The growing popularity of the master limited partnership (MLP) business structure is proving beneficial as the natural gas industry struggles to expand infrastructure, but another trend — a shortage of skilled workers — could present major problems in the near future, panelists told FERC.
During the Federal Energy Regulatory Commission’s (FERC) State of the Natural Gas Industry Conference in Washington, DC, last week the panel warned that a labor shortage in pipeline construction and throughout the natural gas industry is already raising costs and could cause more serious problems in the future. According to Interlance Consulting Inc. president Brad Kamph, the shortage of skilled workers “is a critical issue” and attrition — much of it employees moving between competing companies — is costing the industry $575 million annually.
“What we’re finding is most of the managers we’re talking to, most of the mid-level management of the organizations are feeling that…if it’s not already having an impact, [it] will have a major impact on their business operations in the next two years,” Kamph said.
According to Kamph, the industry needs to attract as many as 9,000 new workers every year. While trained welders on pipeline projects can make $70 an hour, they often cite opportunities for better compensation elsewhere or boredom as reasons they leave those jobs.
“Skilled workers are in high demand and short supply,” said Spectra Energy Transmission CEO Martha Wyrsch. “Pipeline contractors are also experiencing a labor shortage and high demand for their services has resulted in labor construction cost increases ranging from 30-35% over the past three years due in part to lower productivity of the new workers.” Lower productivity could lead to missed deadlines and other delays, resulting in fewer projects being completed. And the escalating cost of the projects is resulting in delays as well.
“Today’s construction market is extremely tight, from a project developers perspective. The cost of pipe, valves, fittings and other parts has risen by over 20% in the last three years. To assure availability of pipe and compressors, we are placing orders far earlier than we have in the past and certainly prior to obtaining regulatory approvals. In 2005 we could order pipe approximately six months before the desired delivery date. In 2007 the lead time is 12 months,” Wyrsch said.
Scott Parker, president of Kinder Morgan’s natural gas pipelines sector, said escalating labor and equipment costs have construction contractors refusing to lock in costs or share the risks on construction costs.

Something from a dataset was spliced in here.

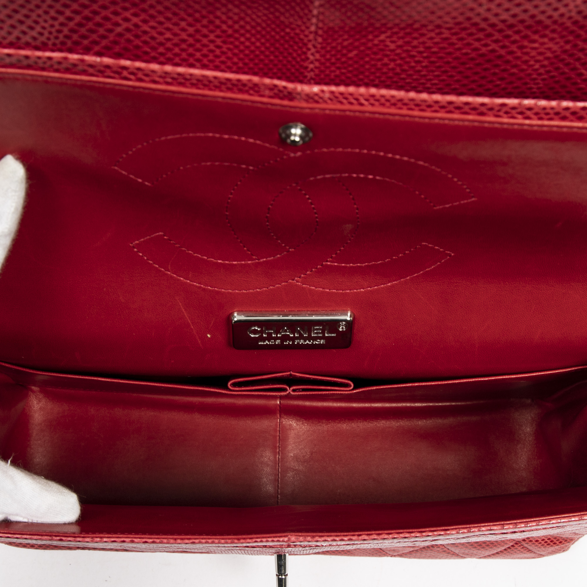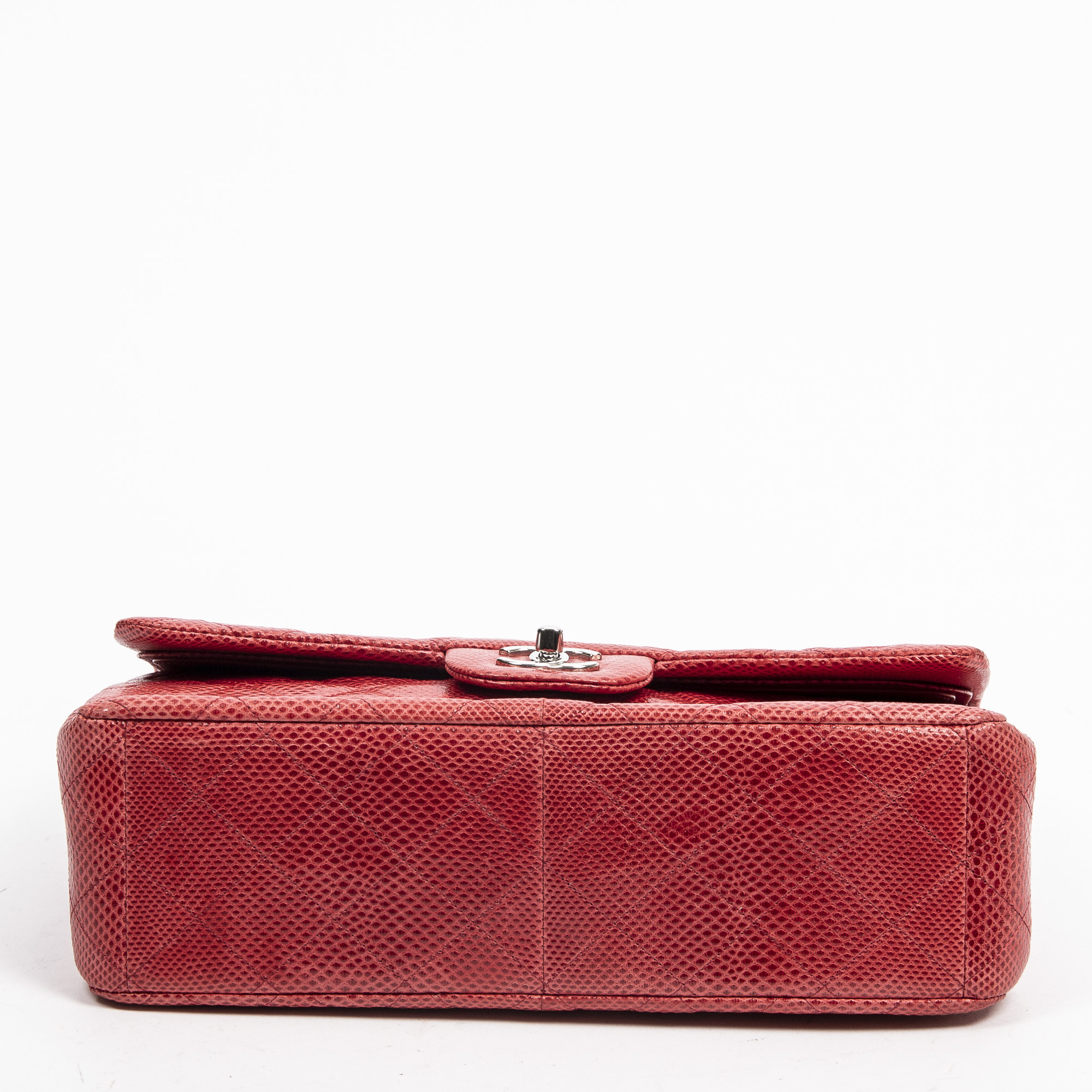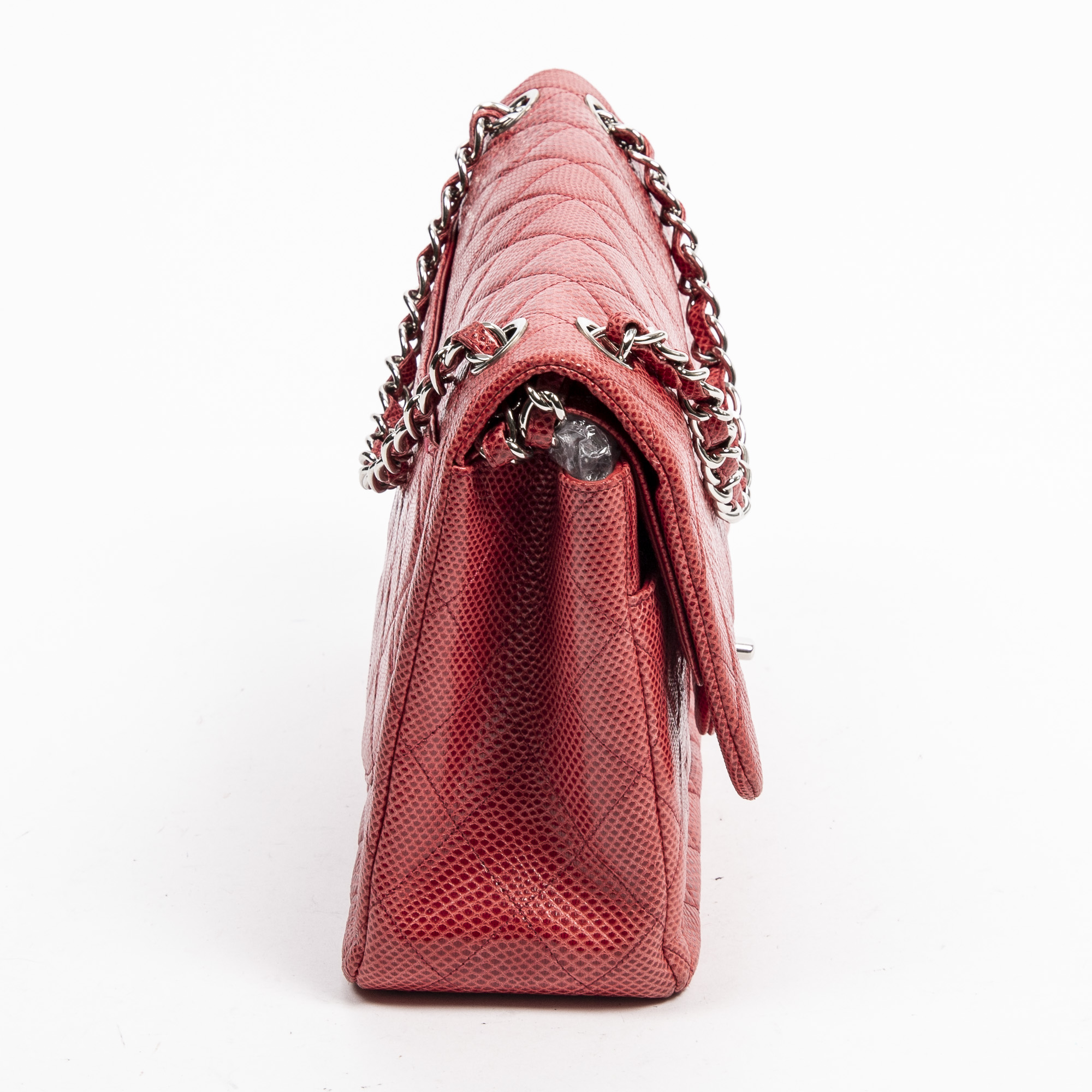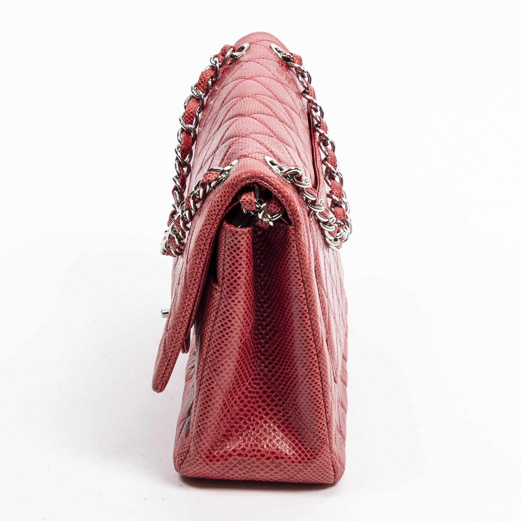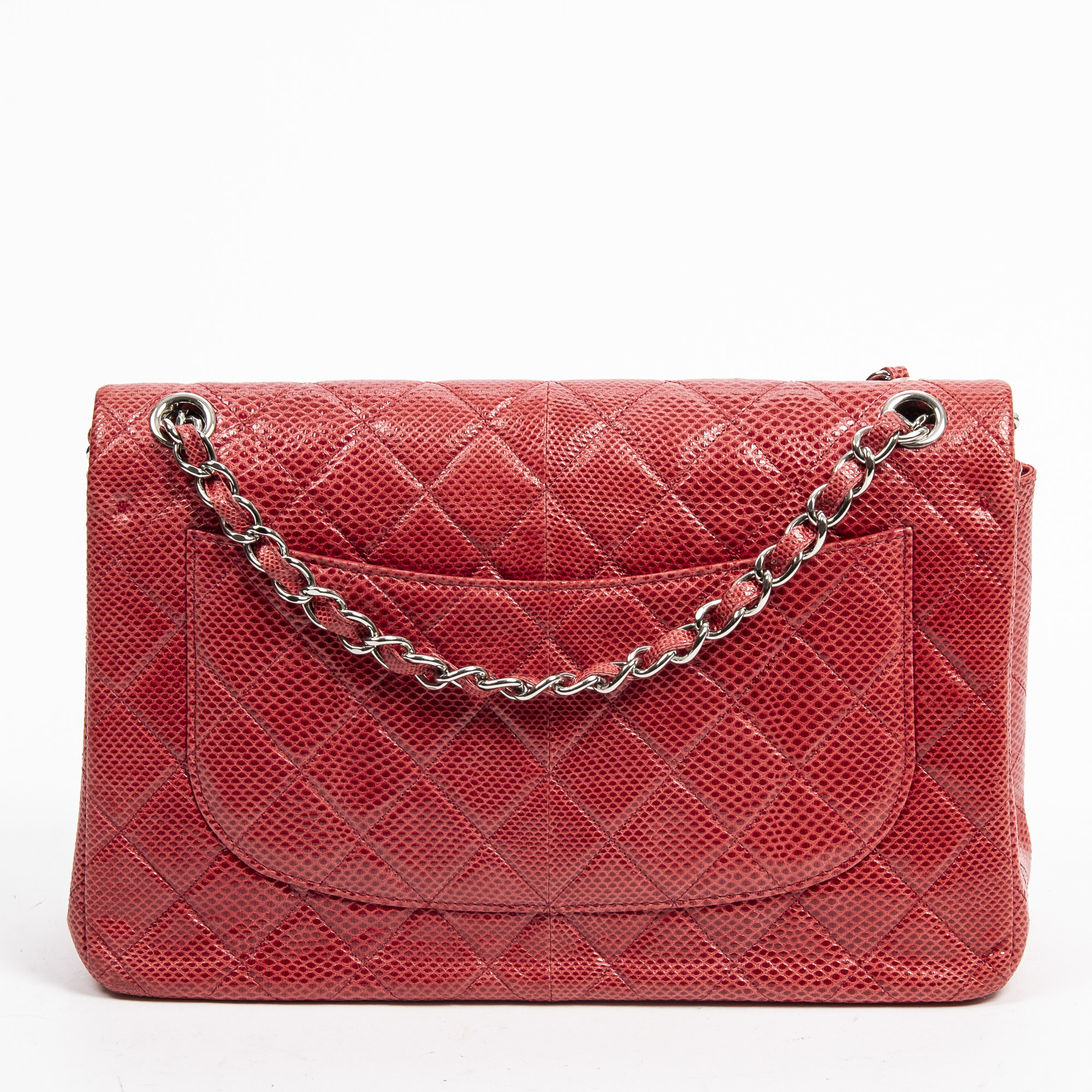 Chanel Shoulder Bag Ltd. Ed. Lizard Skin Jumbo Classic Double Flap in Red Quilted Lizard Embossed Leather and Silver hardware. The product is in Excellent Condition (A).

According to Wyrsch, employees are looking for more from companies than just a competitive salary.
“They care a lot about whether your company cares about the environment, whether your company is involved in the communities in which they’re living and working, whether or not they allow employees to speak their minds freely and be open and not fear retaliation,” she said. “It’s not terribly sexy to say that you’re in the natural gas business, and in fact many think that it’s a dirty business..I think that as an industry we owe it to ourselves to get the story out there that we are in fact very clean, we care about the environment, we want to build communities for the long term.”

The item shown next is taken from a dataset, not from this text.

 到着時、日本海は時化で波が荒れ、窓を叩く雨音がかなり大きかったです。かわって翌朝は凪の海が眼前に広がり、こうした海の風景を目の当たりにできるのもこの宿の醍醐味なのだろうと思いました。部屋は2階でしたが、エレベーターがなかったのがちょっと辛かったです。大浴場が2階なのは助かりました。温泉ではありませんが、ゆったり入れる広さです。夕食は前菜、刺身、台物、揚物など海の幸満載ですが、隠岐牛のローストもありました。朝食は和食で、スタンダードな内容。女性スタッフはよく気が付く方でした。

Sam Brothwell, managing director for equity research at Wachovia Securities, said the industry has benefited greatly from the use of MLPs to help finance infrastructure projects.
“I think this, importantly, has given the pipeline industry at a critical juncture a powerful new source of capital at a time when investment is clearly needed,” Brothwell told the commissioners.
Parker also praised MLPs, saying they are pursuing much of the new infrastructure now under development.
“The MLP structure provides the developer a level of assurance that they can economically obtain the required capital and significant financial resources needed to develop these projects,” Parker said. “MLPs are also doing an excellent job operating much of the existing pipeline infrastructure. The Commission should continue to allow developers the flexibility to choose the corporate structure they need to develop and operate these pipelines and not in some way limit or impact the viability of the MLP structure.”
Because natural gas is a domestic resource, continues to be found in abundant supply and is relatively inexpensive it remains attractive to investors, Brothwell said. Investors have been encouraged by the industry’s strong growth and risk-adjusted returns on capital, “underpinned by the reasoned, forward-looking and apolitical regulation I think has characterized this agency for many years,” he said.
“In that realm I would urge the Commission to stay the course. Capital does need to flow to connect America’s consumers with new sources of natural gas, whether we’re talking about LNG [liquefied natural gas], Rockies gas, shale gas and so forth, the capital is flowing today and I think it will continue to do so if the current risk-reward relationship is maintained.”
Investors do have some concerns, Brothwell said, including election year worries about politics and regulation and a general downward trend in recent state rate orders.